Tag Archives: words from the pulpit

Heroes of the Faith: Charles Simeon

charles simeonCharles Simeon helped bring into existence the British and Foreign Bible Society, the Religious Tract Society, the Church Missionary Society, and other influential Evangelical organizations.

Charles SimeonCharles Simeon had gone up to Cambridge to study. Each student was required to attend chapel services and take communion. He wrote: “On 29 January 1779, I came to college. On 2 February I understood that at division of term I must attend the Lord’s Supper. The Provost absolutely required it. Conscience told me that, if I must go, I must repent and turn to God.”

Repent Simeon did, and became a zealous Christian. However, he was one of those who raise hackles because they seem harsh and self-assertive. The vicar of Trinity Church, Cambridge, died suddenly.
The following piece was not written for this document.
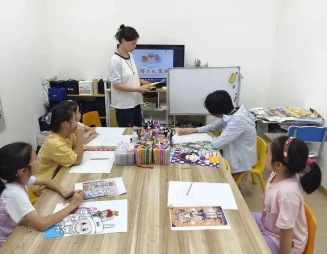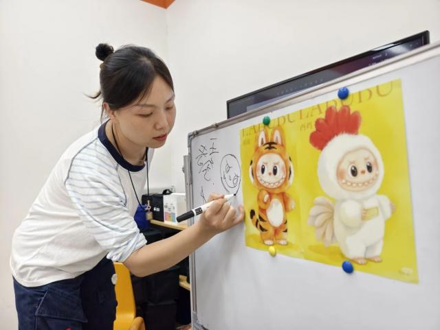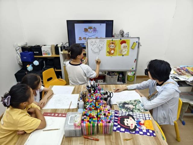 男生喜歡籃球,女生則鐘情畫畫。在二樓的另一個區(qū)域,是少兒美術(shù)訓(xùn)練營。在監(jiān)護人陪伴下,一些女孩來這里學(xué)畫畫。美術(shù)老師選了當(dāng)下流行的LABUBU玩偶畫像,作為小朋友繪畫入門的第一步,通過激發(fā)興趣、由易到難,引領(lǐng)他們走進美術(shù)世界。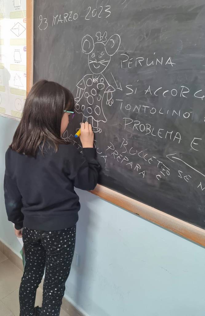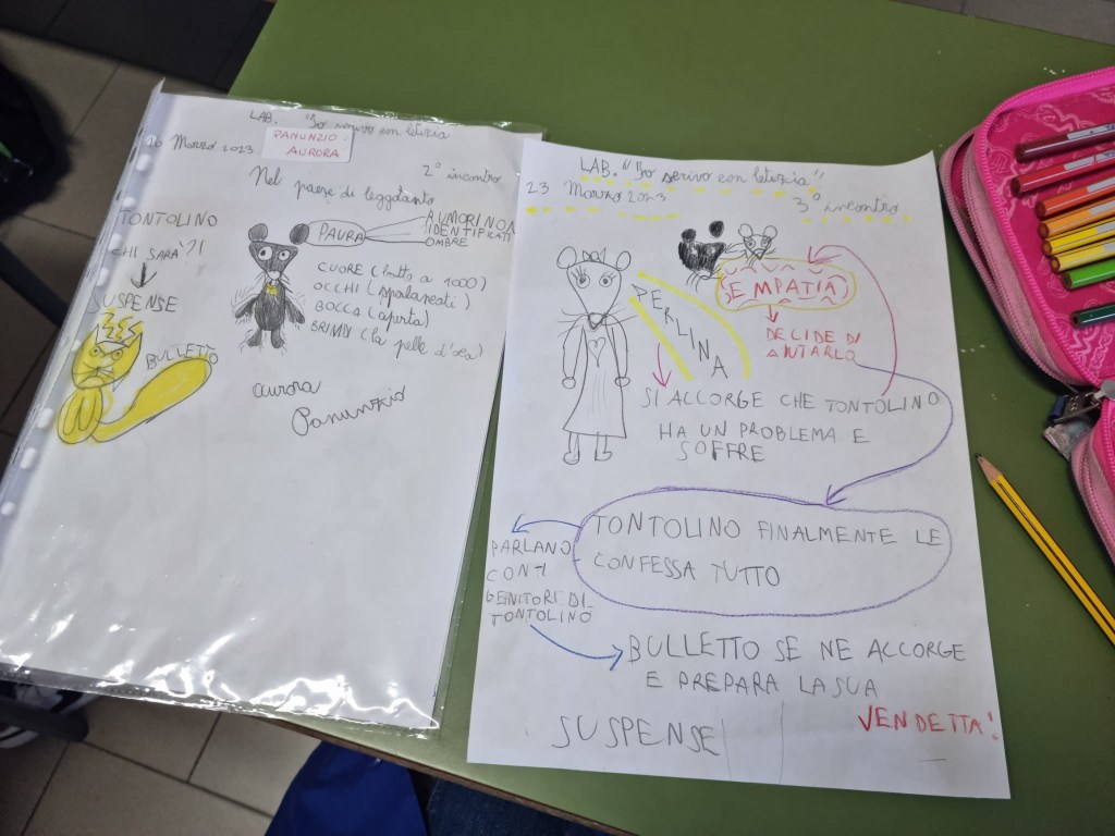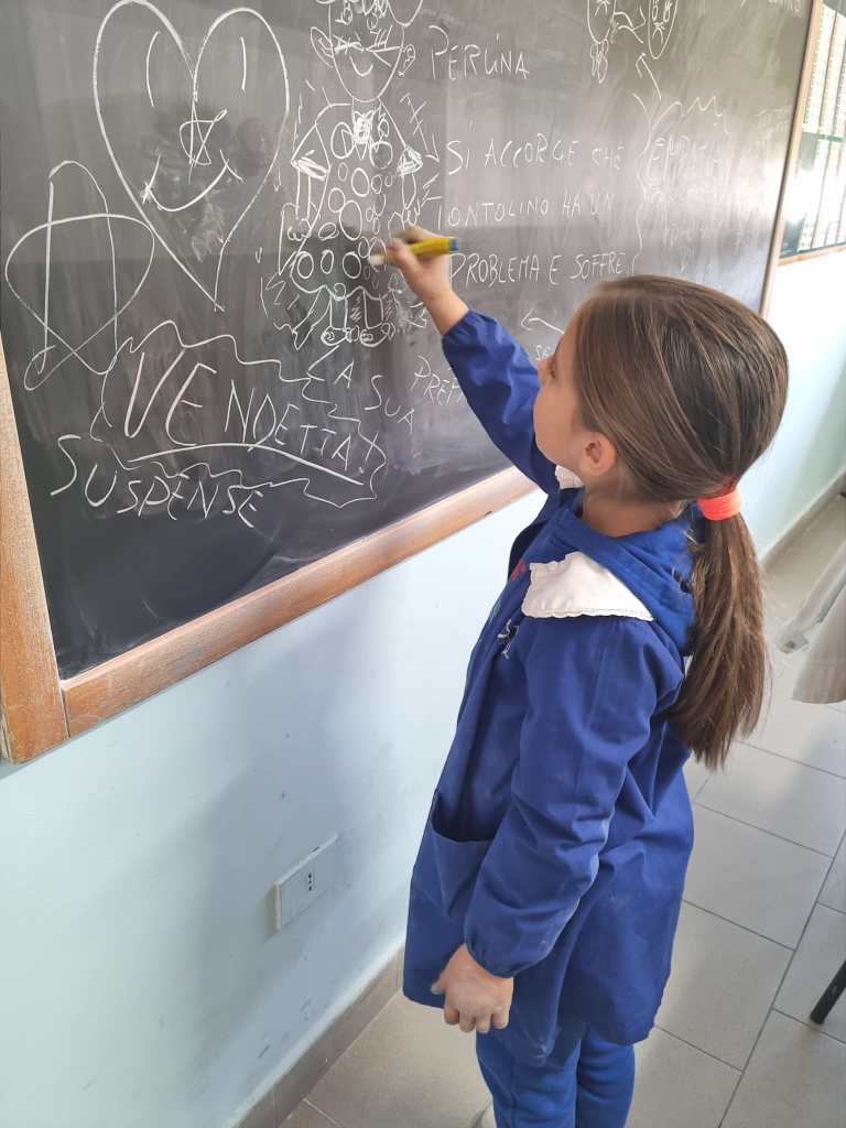 Noi oggi – per riuscire in questa impresa – ci siamo immedesimati in Tontolino (cosa prova?), in Perlina (perché vuole aiutare il suo amichetto?) e perfino in Bulletto (perché si comporta così?). Poi abbiamo discusso di come si reagisce in questi casi.

The congregation wanted the assistant curate, Mr. Hammond, as their new vicar. When the bishop awarded the position to Simeon instead, Simeon faced serious opposition. The pews sat half empty because the people boycotted him. Simeon offered to resign but his bishop would not let him.

After that, he sometimes found the church locked against him. When it opened, the pew gates were locked. Simeon set up chairs at his own expense, but the trustees tossed them out. For twelve years the congregation chose other men to give the Sunday afternoon lectures. College students interrupted his services and passed evil rumors about him. He was so shunned that he wrote with amazement when a fellow of the school was not ashamed to walk with him for quarter of an hour.

In spite of this opposition, Simeon persevered. He preached directly from the Word of God, and gradually won some of the congregation to his side. Thirty years, later, however, he still faced elements of revolt.

Despite all this, Simeon became a leader of the Evangelicals in the Church of England. He helped bring into existence the British and Foreign Bible Society, the Religious Tract Society, the Church Missionary Society, and other influential Evangelical organizations. His spiritual influence on young Cambridge men over the decades is incalculable. By helping in the appointment of evangelical chaplains to India, Simeon encouraged the gospel’s spread in that country when the East India Company would not allow missionaries. Among his proteges was Henry Martyn, famed as a missionary and Bible translator.

Asked how he had endured his many afflictions, 71 year old Simeon replied, “My dear brother, we must not mind a little suffering for Christ’s sake. When I am getting through a hedge, if my head and shoulders are safely through, I can bear the pricking of my legs. Let us rejoice in the remembrance that our holy Head has surmounted all His suffering and triumphed over death. Let us follow Him patiently; we shall soon be partakers of His victory.”

The faithful pastor preached until two months before his death. On his deathbed, he said, “Do you know the text that greatly comforts me just now?” Friends asked him which. He replied, “I find infinite consolation in the fact that in the beginning God created the heaven and the earth!” That surprised them until he explained, “Why, if, out of nothing God can bring all the wonder of the world, He may yet make something out of me!”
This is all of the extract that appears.